LAWS(CAL)-1991-1-1

MAHAMAYA ROW CHOUDHURY Vs. LAND ACQUISITION COLLECTOR

Decided On January 30, 1991
MAHAMAYA ROW CHOUDHURY Appellant
V/S
LAND ACQUISITION COLLECTOR Respondents

JUDGEMENT

(1.) WE would like to place on record that we have very much appreciated the endeavour made by the learned counsel for the parties to assist us as best at they could. But after giving our anxious advertence to their arguments and to the materials on record as at present, we are satisfied that only two questions realy survive for our consideration in this appeal and no other question need obtain us for the present.

(2.) THE first question is whether the notice Of requisition under section 3 of the West Bengal Land (Requisition and Acquisition) Act, 1948 is valid and was validly served.

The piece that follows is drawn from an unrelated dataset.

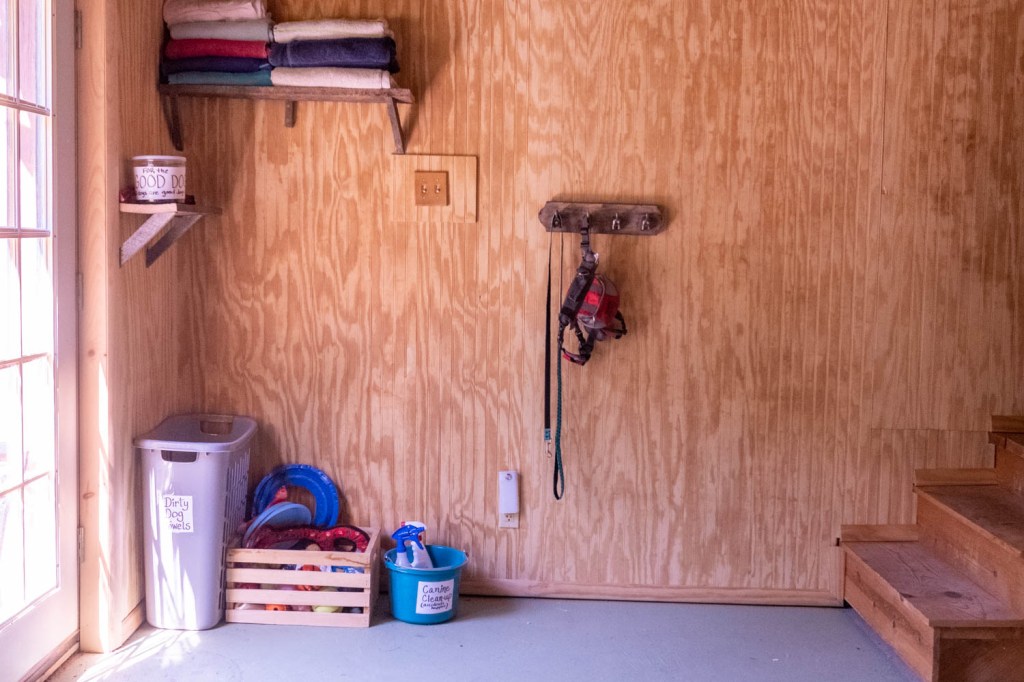 A Dog Wash station is located just outside the basement door with a hose and a hitch.

And the Second question is that since the public purpose for which the land has been requisitioned relates to the Calcutta Improvement trust whether the authorities concerned could resort to this West Bengal Act of 1948 at all when the Calcutta Improvement Act 1911 itself provides for acquisition of land for such purpose.

(3.) AS the first question, we are satisfied that the challenge to the service of noitice a behalf of the appellant was rather half-hearted. The respondents is paragraph 6 (c) and paragraph 9 of their affidavit have categorically stated about the mode in which the process-server of the office of the First Land acquisition Collector served the notice and it has been stated that the same was done by affixing the notice on the front door of the residential house of the appellant. To this, the reply of the appellant is that there is no front door in this residence and as such no notice could be affixed on the front door. If a notice was served on the premises, as required under the relevant Act and the Rules made thereunder, the mere fact that it was not affixed on the front door but was affixed at some other conspicuous place cannot invalidate the notice. As has been repeatedly ruled by the Supreme Court, the tendency of the courts to technicalities must be deprecated and it is the substance that must count and must be allowed to take precedence over mere form and formalities. The learned trial Judge has also dealt with this aspect in appreciable details and after hearing the learned Counsel for the parties on going through the records we find no reason to come to any different conclusion. We, accordingly, hold that the notice of requisition under Section 3 of the Act of 1948 was legally served as required by law.